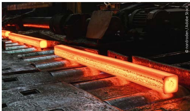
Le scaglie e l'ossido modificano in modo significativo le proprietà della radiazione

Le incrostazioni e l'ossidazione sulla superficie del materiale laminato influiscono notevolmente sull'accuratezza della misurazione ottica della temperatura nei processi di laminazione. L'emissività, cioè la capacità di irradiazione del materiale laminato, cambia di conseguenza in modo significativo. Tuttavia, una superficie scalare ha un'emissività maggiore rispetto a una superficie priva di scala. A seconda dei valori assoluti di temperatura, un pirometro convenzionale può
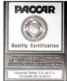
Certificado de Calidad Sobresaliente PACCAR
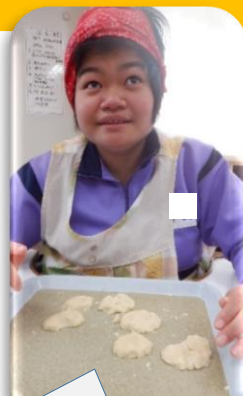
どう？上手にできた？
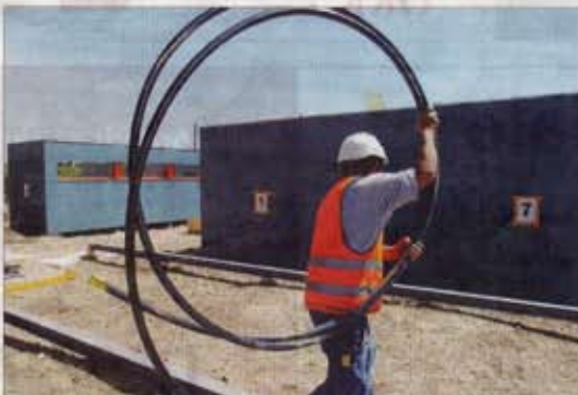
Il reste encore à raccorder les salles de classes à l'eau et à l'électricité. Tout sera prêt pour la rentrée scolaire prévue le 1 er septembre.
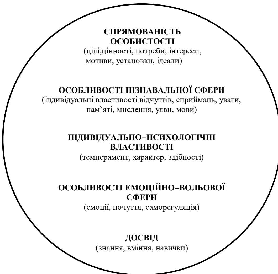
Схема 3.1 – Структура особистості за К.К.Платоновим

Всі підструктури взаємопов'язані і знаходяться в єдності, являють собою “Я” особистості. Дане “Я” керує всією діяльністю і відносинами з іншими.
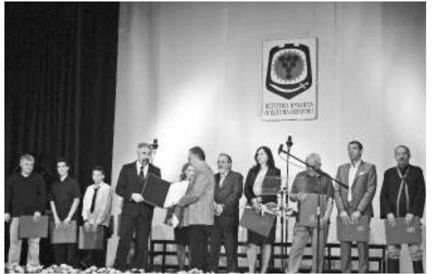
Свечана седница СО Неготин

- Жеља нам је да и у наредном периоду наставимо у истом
· · · · · · ·
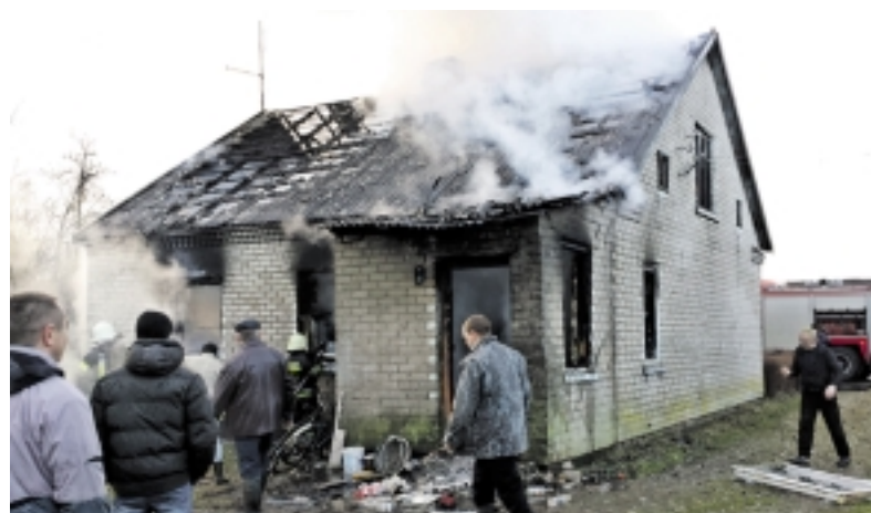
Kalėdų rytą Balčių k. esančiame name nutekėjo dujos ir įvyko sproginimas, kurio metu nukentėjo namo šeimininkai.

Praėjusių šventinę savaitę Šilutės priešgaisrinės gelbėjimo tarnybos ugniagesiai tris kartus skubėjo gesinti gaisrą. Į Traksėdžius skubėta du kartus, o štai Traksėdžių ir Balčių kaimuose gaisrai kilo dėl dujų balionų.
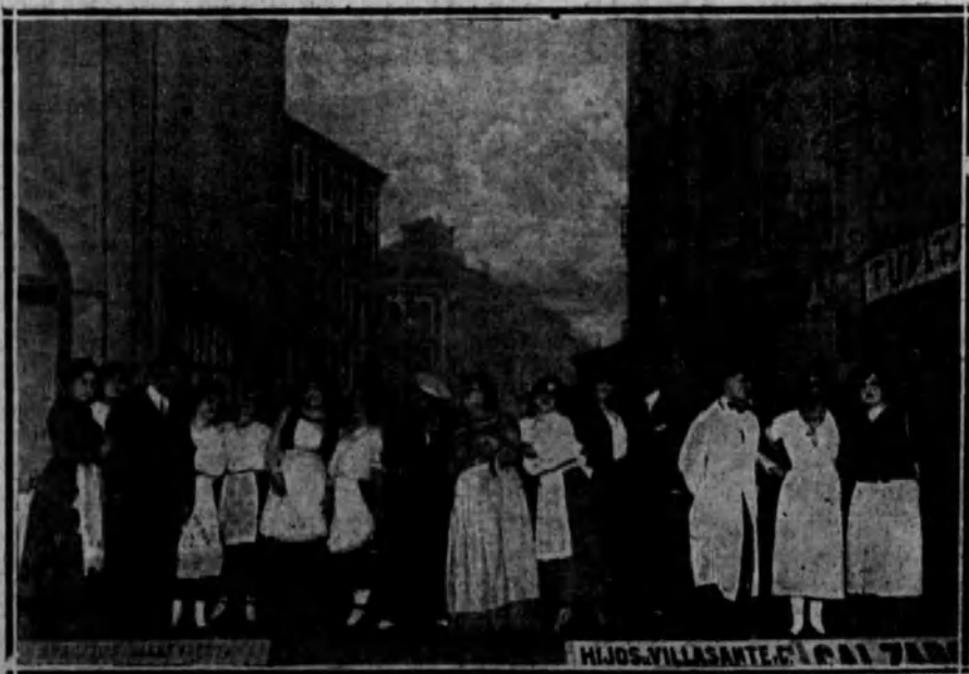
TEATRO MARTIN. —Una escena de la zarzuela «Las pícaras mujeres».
· · · · · · ·
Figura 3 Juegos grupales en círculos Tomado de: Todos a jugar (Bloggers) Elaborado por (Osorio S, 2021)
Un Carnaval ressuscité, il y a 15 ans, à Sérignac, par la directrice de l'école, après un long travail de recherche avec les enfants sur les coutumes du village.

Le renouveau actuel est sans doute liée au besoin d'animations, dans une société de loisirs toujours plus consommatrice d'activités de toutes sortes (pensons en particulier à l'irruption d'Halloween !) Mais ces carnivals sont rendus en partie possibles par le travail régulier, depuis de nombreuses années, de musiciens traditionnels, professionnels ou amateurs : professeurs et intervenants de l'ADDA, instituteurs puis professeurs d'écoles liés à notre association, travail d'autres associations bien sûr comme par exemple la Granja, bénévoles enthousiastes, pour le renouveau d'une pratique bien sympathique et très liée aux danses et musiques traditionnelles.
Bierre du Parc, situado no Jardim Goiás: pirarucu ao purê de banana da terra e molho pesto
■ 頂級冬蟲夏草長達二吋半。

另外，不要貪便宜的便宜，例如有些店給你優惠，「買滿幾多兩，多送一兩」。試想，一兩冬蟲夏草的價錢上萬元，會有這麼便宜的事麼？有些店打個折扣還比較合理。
· · · · · · ·
- **Instructions to follow**:
In the listing above, count each line that holds the string "особистості". Give the number only.

- **Reply to the exercise**:
2